Our board president and spiritual mother Cindy came back from her delegation to Gaza today.  She and her husband Craig, the parents of a 23 year old woman killed in 2003 by the Israeli Defense Forces while protecting a Palestinian home from a bulldozer, recently returned to the Gaza Strip and the site of Rachel’s death with a group of Americans on International Women’s Day.  As Cindy sat in our warm office today, my morning’s coffee still tickling my nerves and my full breakfast filling my belly, she told of the devastation, trauma and intense human tragedy she just witnessed.

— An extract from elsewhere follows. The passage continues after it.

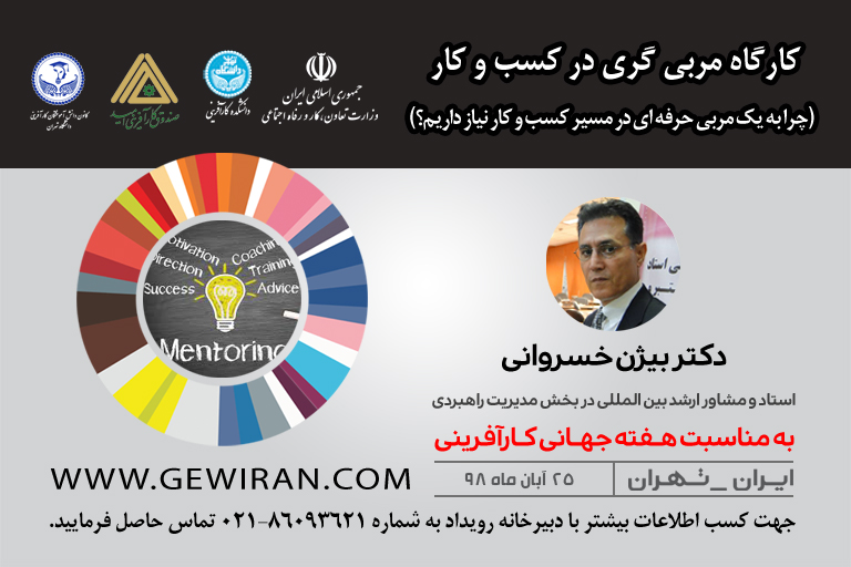 کارگاه “مربی گری در کسب و کار با محوریت پاسخ به این پرسش که چرا به یک مربی حرفه ای در کسب وکار نیاز داریم؟” مورخ شنبه 25 آبان ماه 1398 ساعت 16 الی 18 و همزمان با هفته جهانی کارآفرینی در دانشکده کارآفرینی دانشگاه تهران برگزار شد.

Cindy is an incredibly kind person, always eager to see the good in people and loathe to speak ill of anyone.  As she unloaded some of the horrors laid at her feet, little girls who had witnessed bodies of policeman flying around, families suffering the indignity of 7 years of peeing with their bathroom doors open so the IDF soldiers occupying their house could monitor them, piles of rubble full of children’s shoes, I felt I had to acknowledge her hurt and devestation.  Perhaps we as outsiders are not meant to fully take on or understand the depth of suffering far away, but what if we are meant to try?